The 1st and 3rd Mississippi were two of the African American units assigned to the Union post at Milliken’s Bend, about 15 miles up the Mississippi River from Vicksburg, and on the west bank of the river in Louisiana. The post was staffed by mostly Black troops who were poorly armed and had little training, with one White regiment also present. On June 7th, 1863, while the Siege of Vicksburg was underway down river, Confederates attacked Milliken’s Bend as part of an attempt to draw off Union forces and relieve pressure on the besieged city. The fighting was intense and at times hand to hand, and the Black troops fought hard and held on until artillery fire from gunboats on the river compelled the Confederates to withdraw.

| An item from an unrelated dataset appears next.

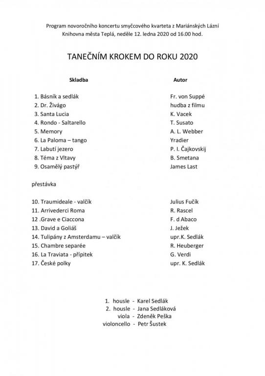 Novoroční koncert Smyčcového kvarteta z Mariánských Lázní, 12.1.2020, knihovna města Teplá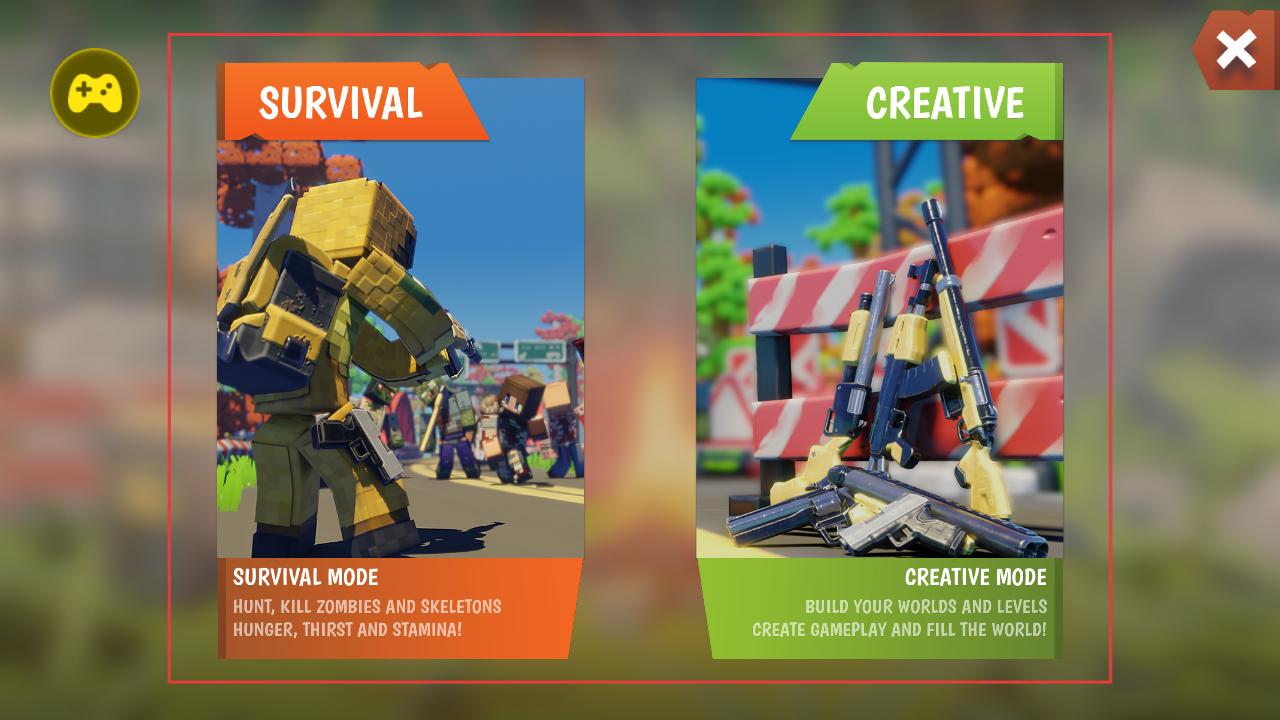 1、进入游戏可选择生存模式或创意模式,生存模式需狩猎击杀僵尸和骷髅,还得关注饥饿、口渴和耐力状况。

Federal casualties were reported as 101 killed, 285 wounded, and 266 missing or captured, with about 90 percent of the losses occurring in the African American regiments.
The brave effort by the African American troops, at Milliken’s Bend helped convince the skeptics that Black troops would indeed fight, a point reinforced at the Battle of Fort Wagner near Charleston, S.C. a few weeks later. The Union now had another significant source of manpower, and nearly 200,000 African American soldiers and sailors served in the Union Army and Navy.